Ons partnerschap wordt sterk gekleurd doordat het bestaat uit een samenwerkingsverband van het beroepsonderwijs (vmbo & mbo) en de lerarenopleiding. Enerzijds vanuit beroepsbeeld wat hieruit voortkomt en anderzijds door de achtergrond vanuit de beroepsgerichte praktijk. Daar leiden we samen leraren voor op en benutten zoveel mogelijk deze context, maar ook de verschillen tussen de verschillende beroepsspecifieke leeromgevingen. Zo leid je binnen het mbo-domein van gezondheidszorg bijvoorbeeld andere leraren op dan binnen het domein van orde en veiligheid. Die context heeft dan ook een sterke invloed op het werkplekleren binnen ons partnerschap.
De opleidingsschool is een vliegwiel in het partnerschap. Als een initiatief niet binnen het samen opleiden past, pakken we het alsnog in gezamenlijkheid op. Het partnerschap gaat daarmee over de grenzen van het samen opleiden heen. We komen er altijd samen uit, dat vertrouwen is er binnen ons partnerschap. Bijvoorbeeld over de domeintransitie binnen Fontys; sommige domeinen (zoals de Pedagogisch Technische Hogeschool) vallen officieel niet binnen de opleidingsschool, maar die studenten laten we toch al aansluiten. We blijven daar over in gesprek.

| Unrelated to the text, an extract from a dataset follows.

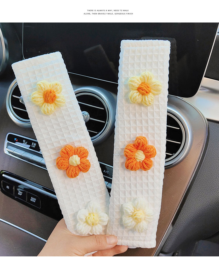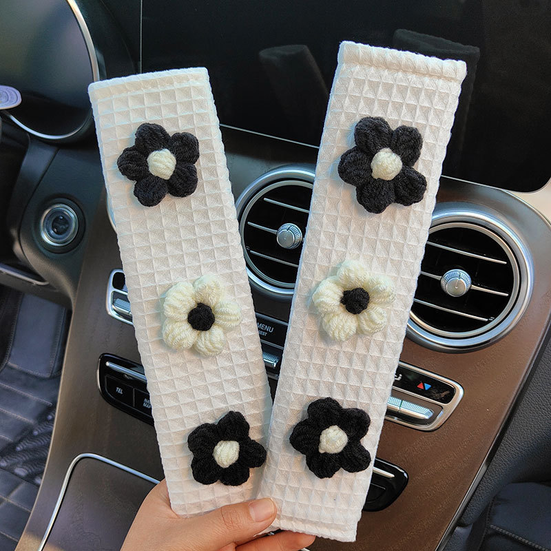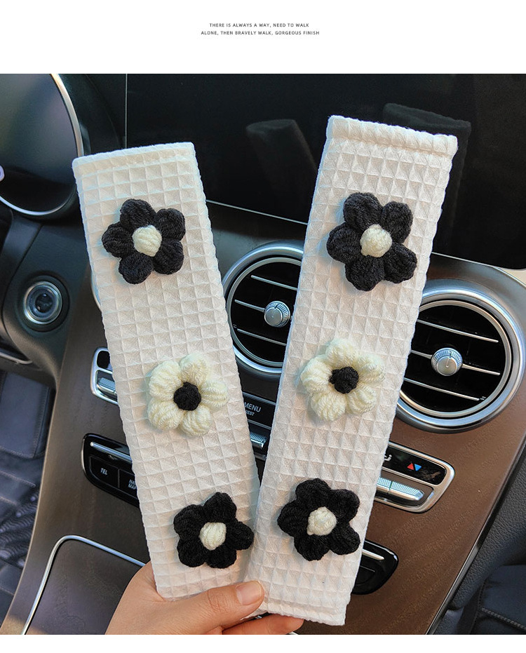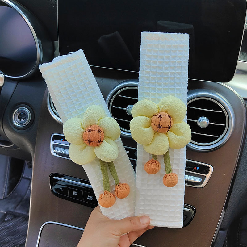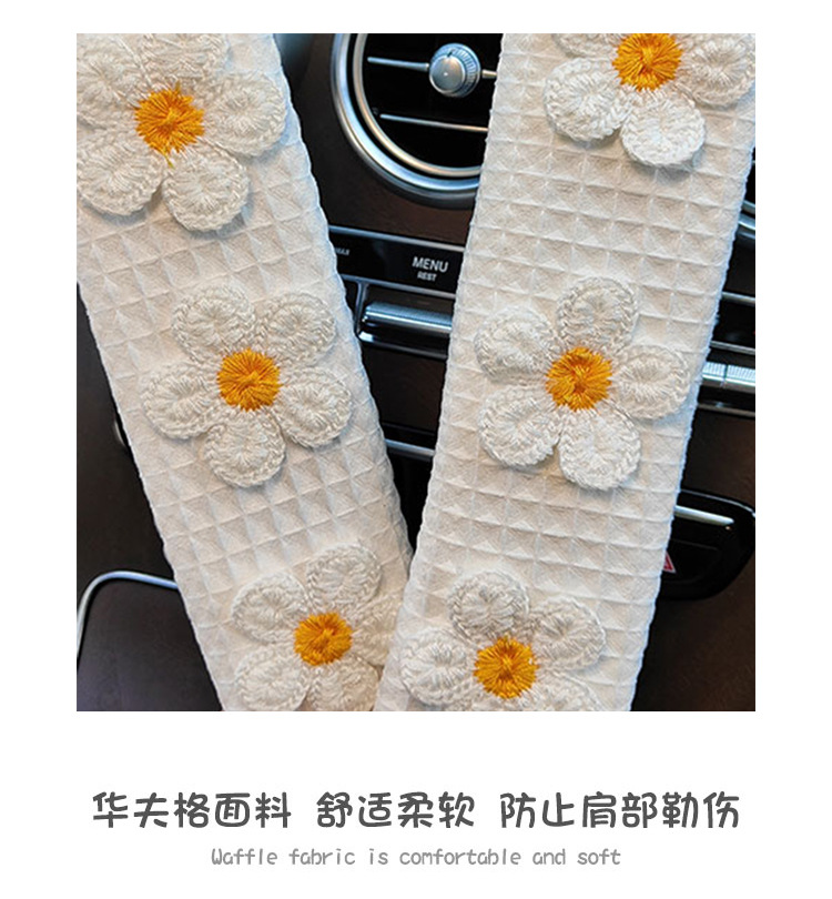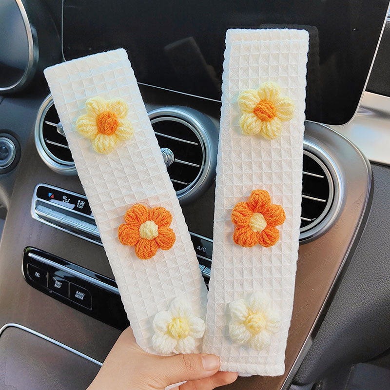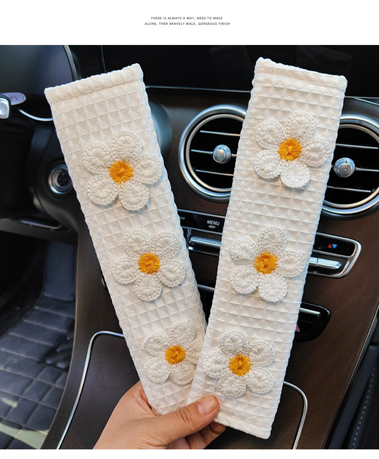 汽车带护肩套女可爱小清新花朵车载保险带套一对四季通用

Maar ook op het gebied van inductie en professionalisering zetten we stappen in gezamenlijkheid. Rondom inductie vragen we lerarenopleiders van Fontys Leraren Opleiding Tilburg (FLOT) om ondersteunend te zijn en expertise te delen binnen het partnerschap op het vlak van inductie. Zij verzorgen bijvoorbeeld programma’s aan onze starterscoaches. Op het gebied van voortdurende professionalisering worden er trainingen verzorgd omtrent reken- en wiskunde-didactiek door lerarenopleiders. Daarnaast biedt het mbo nieuwe lerarenopleiders bij FLOT jaarlijks de kans een kijkje in de keuken van het mbo te nemen.

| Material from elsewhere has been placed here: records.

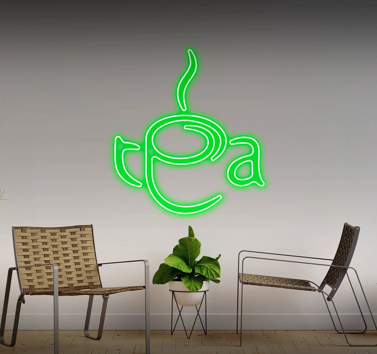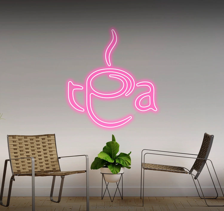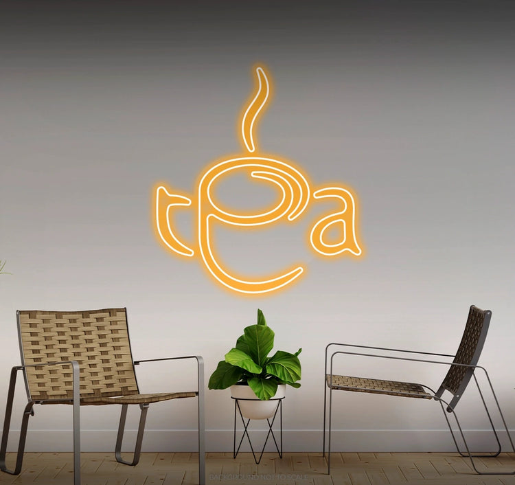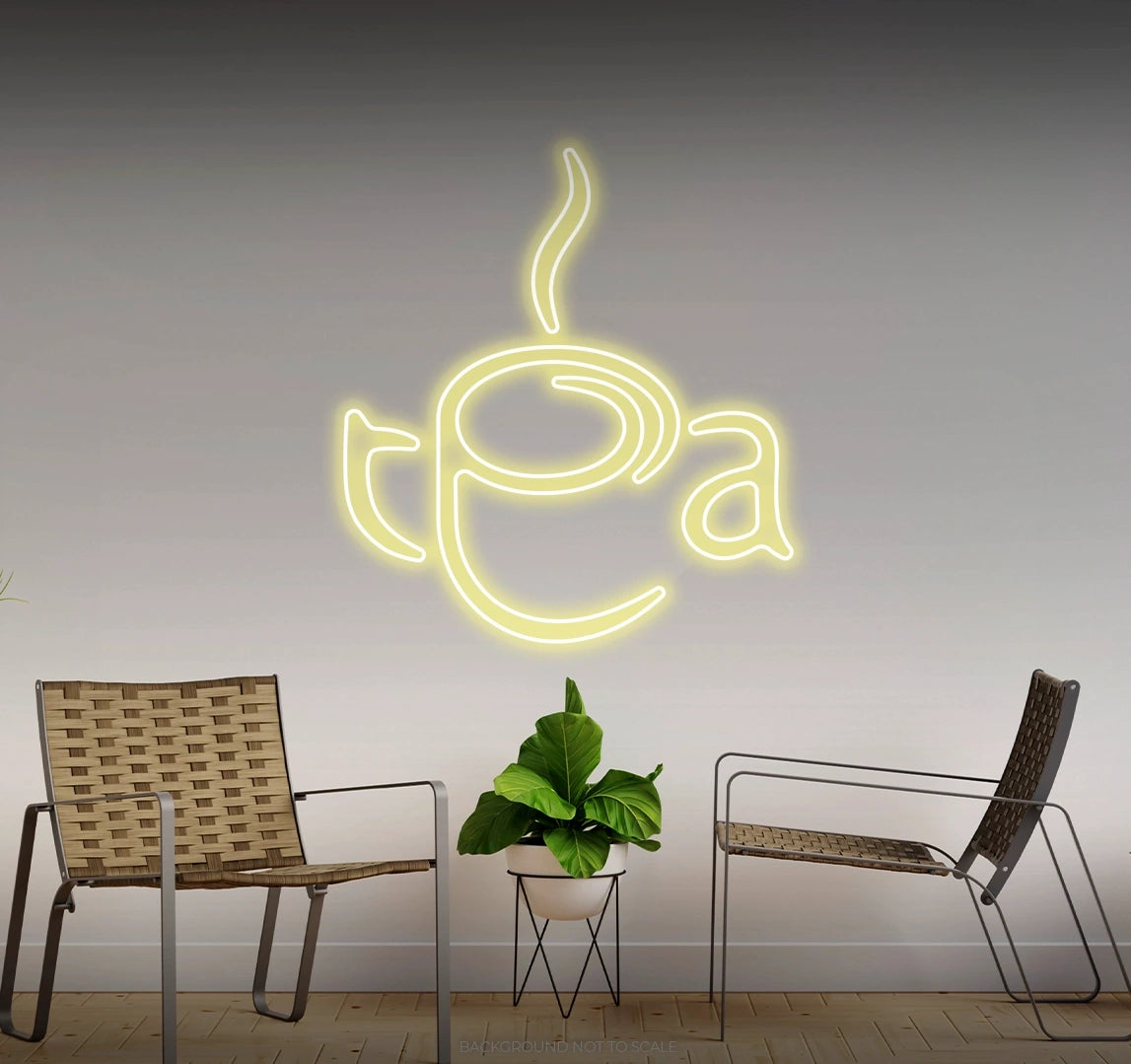 Radiant Neon Glow: Available in calming colors like warm white, pastel yellow, or soft green to reflect the essence of a comforting tea experience.
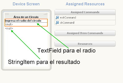 Opción 1: Un TextField para ingresar el radio y un StringItem para mostrar el resultado.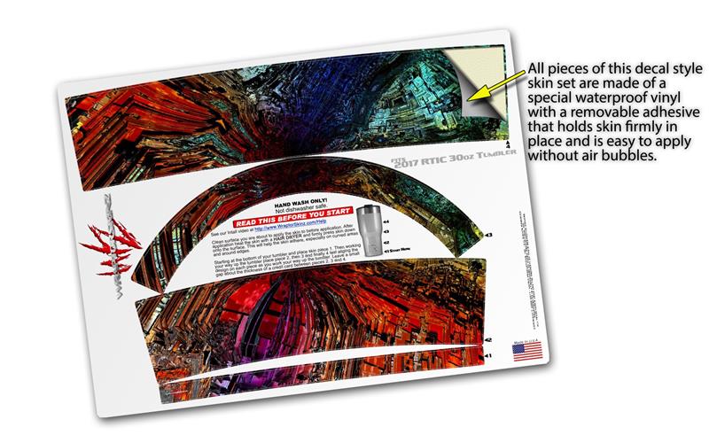 WraptorSkinz® skin wraps for 2017 RTIC Tumblers are printed using superb photo quality designs and vibrant colors printed with special fade resistant inks that last even in direct sun for years. WraptorSkinz® are a composite of two layers of commercial grade materials. The bottom layer is a soft, flexible vinyl with a special removable adhesive that is easily positioned, applied without air bubbles. Next we print the bottom layer with UV protected, fade resistant inks that deliver superb photo quality designs in vibrant colors. Finally we bond a professional grade laminate over the entire skin adding a glossy protective finish.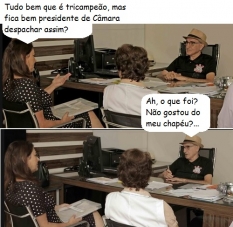 Corinthians tricampeão paulista no domingo, na segunda-feira o presidente da Câmara de Campo Mourão, Olivino Custódio, não pensou duas vezes. Foi trabalhar com a camisa do Timão. A diretora do colégio Marechal Rondon, Rita Cartelli, que tinha audiência com ele, foi testemunha do "corintianismo presidencial"...

We weten elkaar makkelijk te vinden. De relatie is goed en we zien wat de meerwaarde is van elke partij binnen het partnerschap.
Het sleutelwoord binnen onze samenwerking is verbinding. We zijn letterlijk en figuurlijk ‘een goede buur’. Onze hoofdlocaties staan naast elkaar en die nabijheid maakt simpelweg dat de partners elkaar beter kennen en er vrij makkelijk samen zaken concreet worden opgepakt. Dat maakt dat we soms dingen makkelijker gerealiseerd krijgen. We voelen de gezamenlijke verantwoordelijkheid voor de regio Tilburg. Als FLOT te weinig stageplekken heeft, kunnen we altijd bij Onderwijsgroep Tilburg (OGT) terecht. We verkennen nu wel de positie binnen de regio: willen we Brabant breder versterken of blijft de focus op de regio Tilburg liggen?

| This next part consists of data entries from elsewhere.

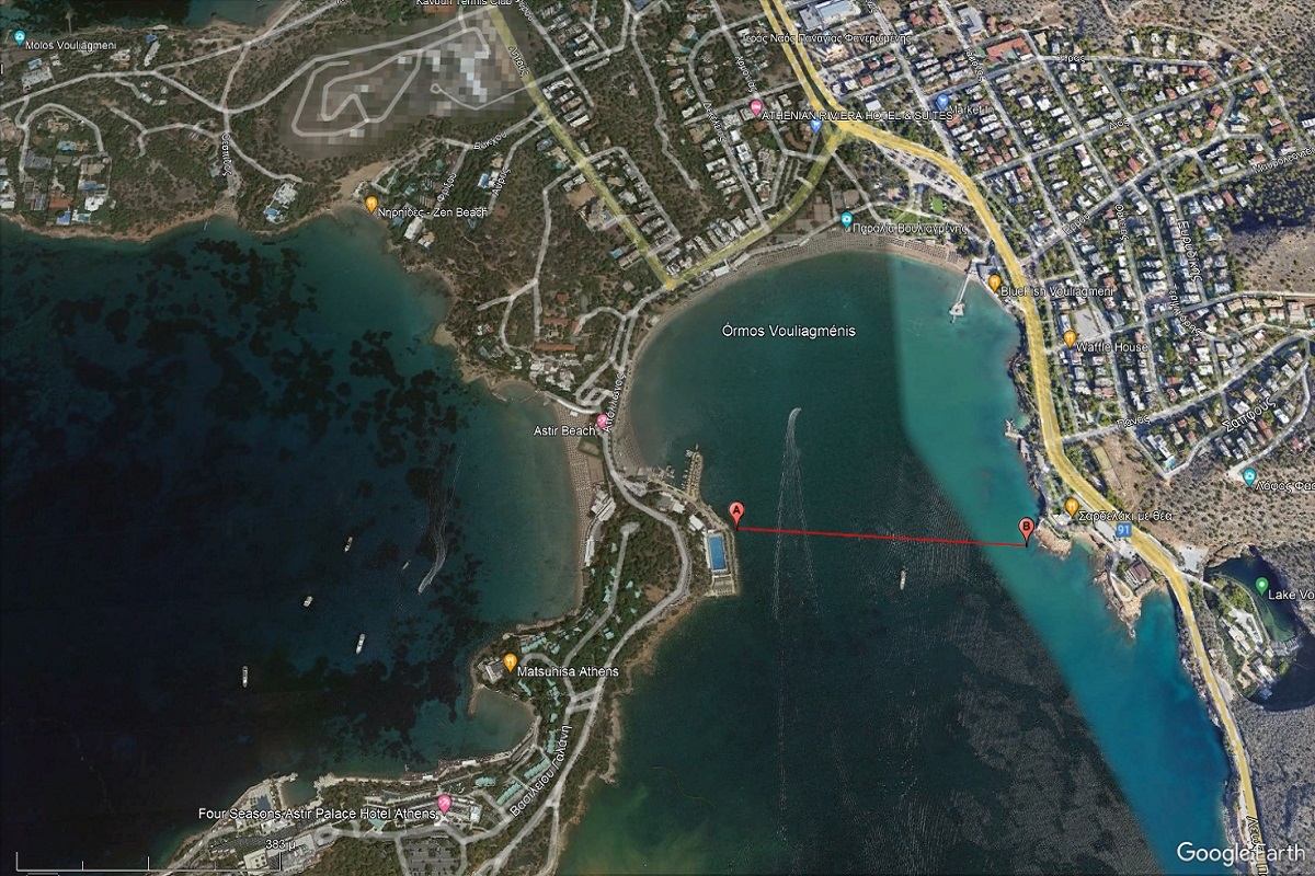 3. Η απαγόρευση διέλευσης, πλοίων, ταχυπλόων, λεμβών, αλιευτικών και οποιοδήποτε άλλου τύπου σκάφους προς αποφυγή ατυχημάτων σε απόσταση τριακοσίων (300) τουλάχιστον μέτρων, από τη θαλάσσια περιοχή που εσωκλείεται από τις ανωτέρω συντεταγμένες και προς την ακτή όπως εμφαίνεται στο επισυναπτόμενο Παράρτημα Α΄, προκειμένου να εξασφαλιστεί η ασφαλής διενέργεια τoυ αγώνα.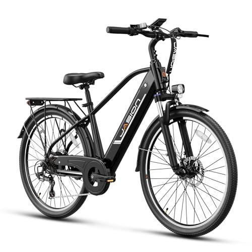 Jasion Roamer Electric Bike for Adults 1200W Peak Motor 528WH Removable Battery,up to 60miles 28MPH City Cruiser Ebike,26” Commuter E Bike, 7-Speed Gears and Front Suspension Bicycles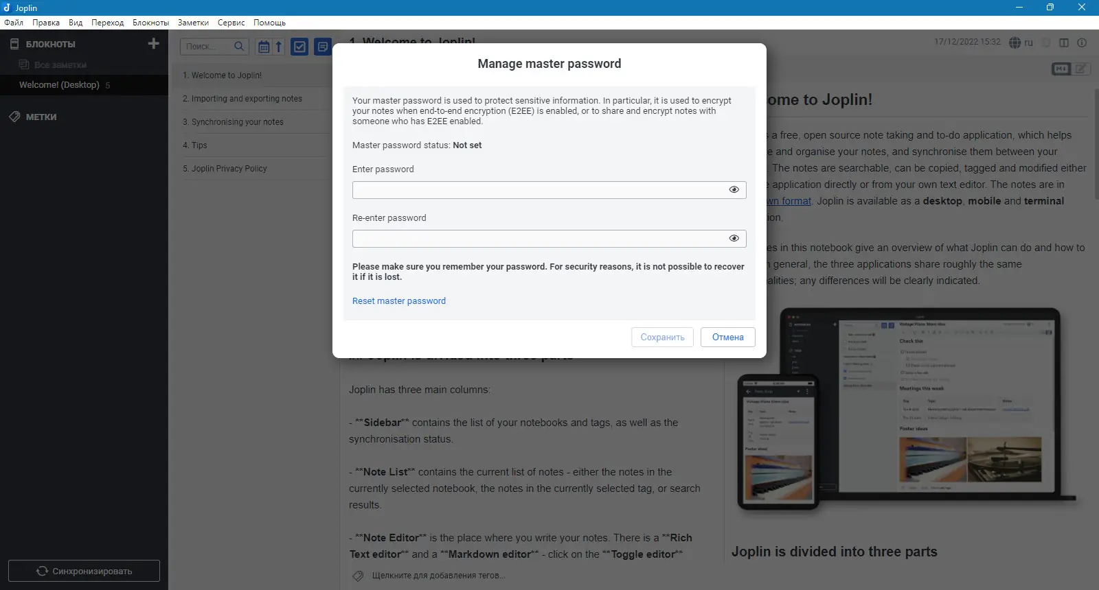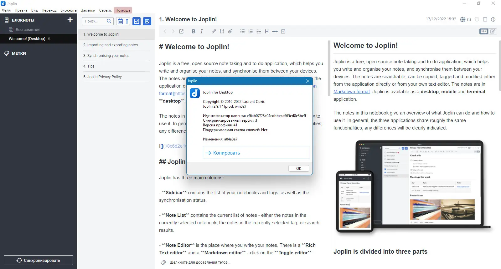 Как пользоваться Joplin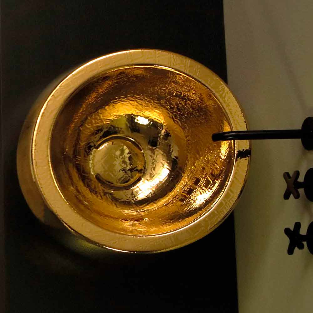 حوض غسيل دائري بتصميم سطح الطاولة مصنوع من سيراميك إليزا الذهبي، صنع في إيطاليا تحتوي إليزا على ذكريات ونكهات من أفريقيا، مع شكل دائري وحافة بارزة مهمة. يسمح القطع المزدوج للصرف بالتدفق المستمر للمياه.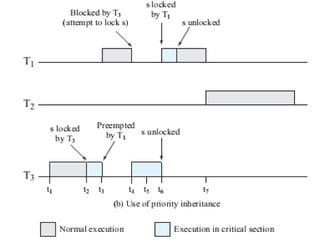 A more seriouscondition is referred to as an unbounded priority inversion, in which the duration of a priority inversion depends not only on the time required to handle a shared resource, but also on the unpredictable actions of other unrelated tasks as well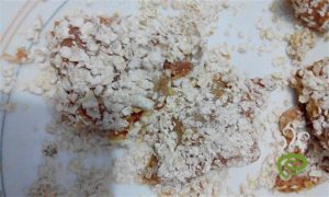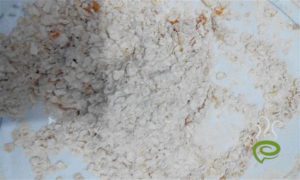 Dip chicken in egg white.. cover in oats-flour mixture. Deep fry it in oil.

Onze kracht zit in de driehoek rond de student, op de werkplek. De meeste schoolopleiders en instituutsopleiders werken al meer dan vijf jaar samen en stemmen makkelijk en veel af. Dit draagt bij aan een vorm van duurzaamheid wat ten goede komt aan het leerproces van de student. De dynamiek en de ervaring om samen het spel goed te spelen met het student als middelpunt is de essentie van wat we weten te realiseren en dit horen we gelukkig ook regelmatig terug van de studenten.
Qua organisatiestructuur zijn we niet zo sterk centraal aangestuurd. We hebben, ondanks dat het een partnerschap betreft van één mbo en één instituut, te maken met 21 scholen. Daarin vinden we het belangrijk dat de verschillen ertoe doen. De samenwerking staat in de praktijk juist heel stevig, ondanks alle verschillende opleidingen en locaties. Dit horen we terug op alle niveaus; van studenten, de opleidingsteams en de stuurgroep. Overigens worden tevens de lastige dingen benoemd, de ontstane cultuur maakt dit mogelijk. De betrokkenen uit het partnerschap gaan het gesprek aan omdat men elkaar en het samen opleiden de moeite waard vindt.